Assignment: Output the lines of the listing below exactly, starting at the line containing "- Insert new" and stopping after the last line, with any pictures dropped.

Stored data:
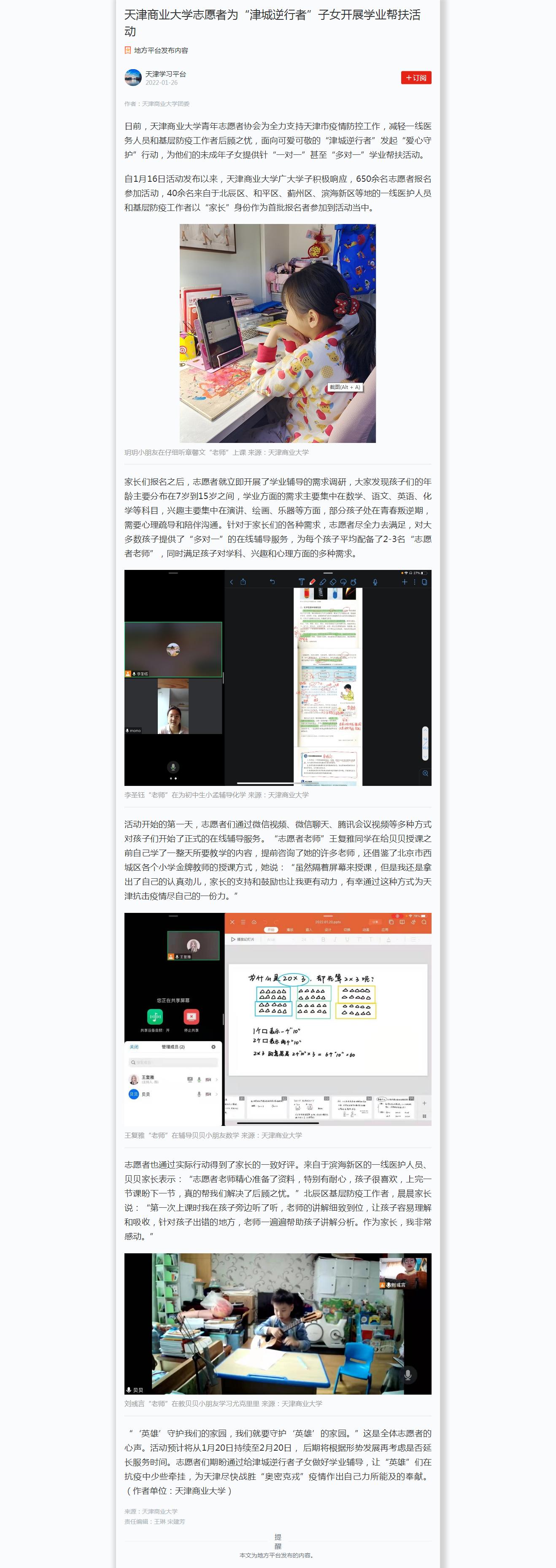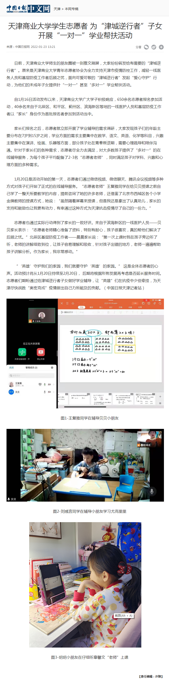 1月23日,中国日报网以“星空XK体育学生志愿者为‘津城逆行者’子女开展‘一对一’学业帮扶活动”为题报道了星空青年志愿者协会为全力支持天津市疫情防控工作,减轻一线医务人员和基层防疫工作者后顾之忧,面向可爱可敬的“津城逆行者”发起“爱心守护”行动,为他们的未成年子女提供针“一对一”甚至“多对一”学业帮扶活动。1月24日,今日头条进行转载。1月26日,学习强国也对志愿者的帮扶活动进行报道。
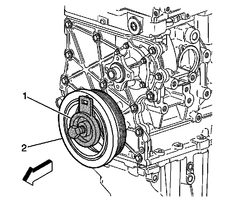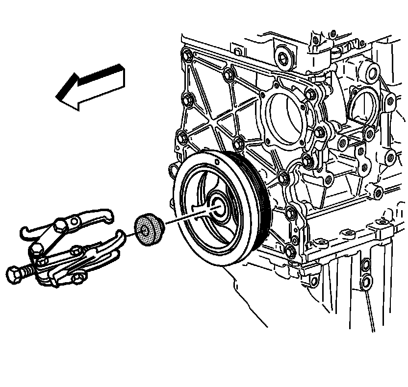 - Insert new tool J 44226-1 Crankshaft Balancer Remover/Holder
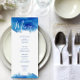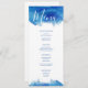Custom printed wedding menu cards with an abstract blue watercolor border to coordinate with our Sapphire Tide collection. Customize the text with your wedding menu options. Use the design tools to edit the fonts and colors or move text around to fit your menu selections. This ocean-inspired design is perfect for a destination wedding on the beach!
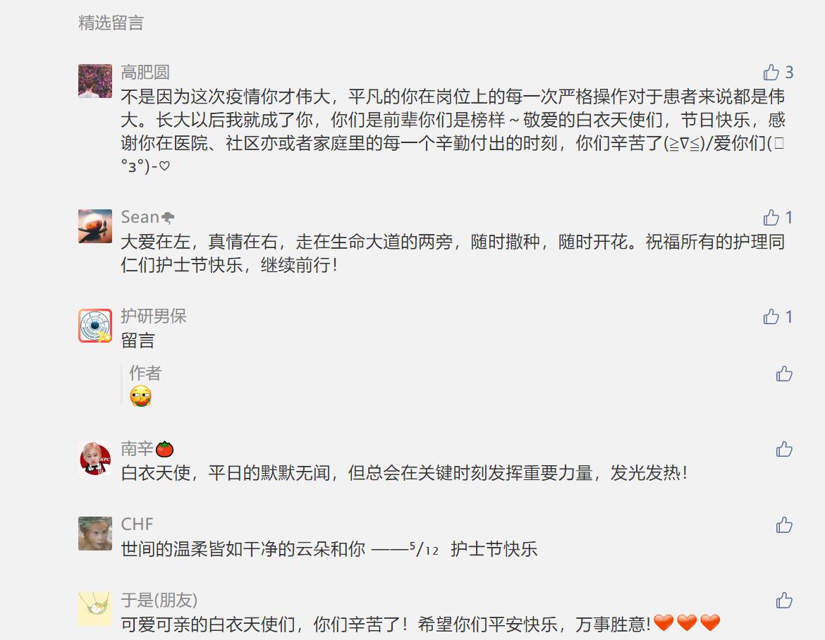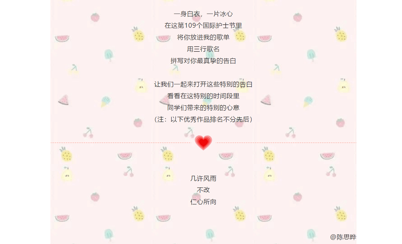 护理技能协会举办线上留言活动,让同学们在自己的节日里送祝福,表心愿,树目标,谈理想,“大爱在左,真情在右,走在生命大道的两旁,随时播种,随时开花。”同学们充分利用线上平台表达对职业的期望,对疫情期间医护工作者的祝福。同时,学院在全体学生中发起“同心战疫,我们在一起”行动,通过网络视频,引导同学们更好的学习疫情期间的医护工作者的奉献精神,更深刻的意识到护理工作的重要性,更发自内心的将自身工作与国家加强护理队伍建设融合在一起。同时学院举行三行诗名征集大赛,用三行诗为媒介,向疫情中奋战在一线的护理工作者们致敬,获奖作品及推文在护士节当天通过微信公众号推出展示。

Solution to the exercise:
 - Insert new tool J 44226-1 Crankshaft Balancer Remover/Holder
Custom printed wedding menu cards with an abstract blue watercolor border to coordinate with our Sapphire Tide collection. Customize the text with your wedding menu options. Use the design tools to edit the fonts and colors or move text around to fit your menu selections. This ocean-inspired design is perfect for a destination wedding on the beach!
 护理技能协会举办线上留言活动,让同学们在自己的节日里送祝福,表心愿,树目标,谈理想,“大爱在左,真情在右,走在生命大道的两旁,随时播种,随时开花。”同学们充分利用线上平台表达对职业的期望,对疫情期间医护工作者的祝福。同时,学院在全体学生中发起“同心战疫,我们在一起”行动,通过网络视频,引导同学们更好的学习疫情期间的医护工作者的奉献精神,更深刻的意识到护理工作的重要性,更发自内心的将自身工作与国家加强护理队伍建设融合在一起。同时学院举行三行诗名征集大赛,用三行诗为媒介,向疫情中奋战在一线的护理工作者们致敬,获奖作品及推文在护士节当天通过微信公众号推出展示。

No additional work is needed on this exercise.